As usual, he pulled through.
- Play-to-earn gaming is the ultimate market hedge
- Bear-trends attract massive inflows of users
- Users lead price action
- Fundamentals keep users (and communities!) active
Hustle tweeted the below this weekend. Let’s unpack it.
I know what AXS did last summer
Rewind to June 2022, when the market was reeling from a brutal correction.
In the midst of all that panic and uncertainty, something incredible happened: Axie Infinity (AXS) went on one of the most staggering runs in recent memory.
Nothing happens in a vacuum, and this insane rally (2,124%!) was no freak event. Crucially, AXS didn’t go parabolic in spite of, but rather as a result of, the bearish market conditions.
Gamers don’t care about Bitcoin
Hard as it might be to believe, gamers don’t care about whether Bitcoin is above or below the 200-day moving average. They certainly don’t care whether FTM has flipped Solana in TVL. They’re here to game, irrespective of market conditions. And many of them are doing it to pay the bills.
That’s the beauty of blockchain-based gaming: at its best, it empowers players (through innovative play-to-earn economies) to monetize their activity, regardless of any factors outside their control.
How Axie bucked the market trend, and why the price exploded
Just check out this historical activity chart for Axie Infinity.
The number of users began a parabolic ascent around June 2021, while the rest of the market was in the midst of disaster.
Coincidence? Quite the opposite. It’s precisely because play-to-earn gaming is the least risky way to stack your favorite gaming currency that players increase their activity when the market is down. Think of it as a pivot away from nightmarish market conditions, into an economy that functions with or without Bitcoin!
Here’s the cool thing: If we compare the price of AXS with the game’s growth in users, we see that the charts align almost perfectly – right until the most recent market dump. Here’s a side by side comparison.
You know what’s even cooler? The user growth (orange line) has begun moving up again, just as the market is trending down!
Next Axie on the horizon?
So, that’s the thesis: A downtrending market invites an uptick in user activity. But what can we do with this information?
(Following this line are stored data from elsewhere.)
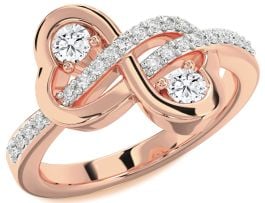 Diamond Rose Gold Silver Infinity Heart Two Stone Ring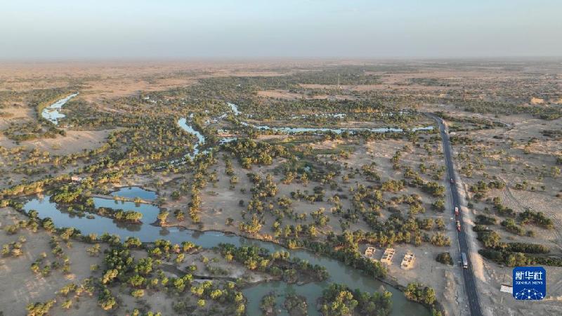 这是2022年8月18日拍摄的塔里木河下游阿拉干断面景象(无人机照片)。生态水滋润两岸胡杨等植被,同时保障交通要道少受风沙侵袭。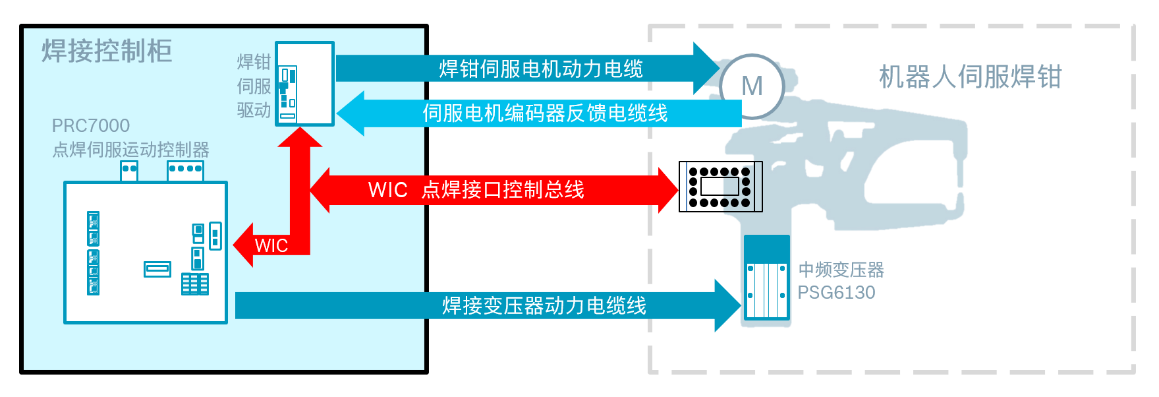 PRC7000控制器除了具备点焊的基本功能外,还集成了焊钳伺服电机的运动控制功能,直接驱动控制伺服点焊钳的打开和关闭焊接任务,以及电极帽的修磨控制,可100%实现点焊工艺的技术质量控制要求。

First, let’s see if the pattern is repeating elsewhere. After all, there’s a difference between an isolated example and an emerging pattern; multiple data points signify a trend.
Hustle points to another game following suit: Play-to-earn horse racing platform Pegaxy (PGX) is following an almost identical trend to Axie Infinity.
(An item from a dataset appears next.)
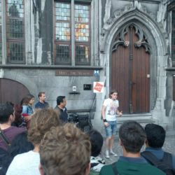 Our tour group was very diverse and we were the only Americans. Our Belgium tour guide spoke excellent English and explained that the people of Bruges were terrible at naming things and showed us the only two wooden houses in the city.

PGX up 47% on the week, while the rest of the market is dumping. And again, notice the uncanny similarity between the growth of users and positive price action. The charts line up too well!
We talk about relative strength, but certain play-to-earn projects will have brute strength against the rest of the market when it reverses to the upside. And the fruits of their rewards will be even sweeter!
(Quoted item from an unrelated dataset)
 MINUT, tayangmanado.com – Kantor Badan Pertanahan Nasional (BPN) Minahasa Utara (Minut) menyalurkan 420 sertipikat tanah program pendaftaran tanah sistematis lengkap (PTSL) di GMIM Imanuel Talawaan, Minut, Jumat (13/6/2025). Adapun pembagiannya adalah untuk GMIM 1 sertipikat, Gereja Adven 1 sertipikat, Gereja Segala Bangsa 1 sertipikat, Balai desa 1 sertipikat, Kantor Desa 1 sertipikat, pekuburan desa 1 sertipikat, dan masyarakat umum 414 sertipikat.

Data doesn’t lie: how to spot the next big thing
Remember, price is a lagging indicator – it follows the user count. If you’re looking to find those play-to-earn projects likely to thrive in a bear trend, see where the players are flowing. Then ask if the price is reacting. At that point, your job is to figure out why.
Pegaxy isn’t attracting such numbers for no reason: it’s all backed by rock-solid fundamentals. The game has taken some of Axie Infinity’s best features – breeding, renting, as well as two-token economics (PGX/VIS vs AXS/SLP) – and developed them even further. It has what many consider to be the best built-in rental system in the space, a thriving scholarship system, and a wide array of possible income streams for players: Users can rent out horses, scholars can race them (for free), and both parties can benefit from the rewards.
Learn the fundamentals
It’s all well and good listening to Hustle, but your best bet is always to play the game, and become familiar with the product itself. Once you understand how to make money in the game, you can make a genuinely informed decision: do you want to invest in the coin?
Would you be better off playing the game and stacking up in-game assets (from which you can earn actively or passively?). Maybe both?
The point is, you need to understand how these things work before you can assess whether or not they’re likely to fly.
The market is dumping, retail traders are being driven out, and 99% of tokens are plummeting. Meanwhile, some play-to-earn projects are following in Axie’s footsteps, seeing a huge uptick in user activity against the overall market sentiment. History doesn’t always repeat itself, but it does tend to rhyme, and bear trends are setting the stage for the play-to-earn to shine. Great fundamentals will attract huge numbers of users, and price tends to map user activity. The data doesn’t lie.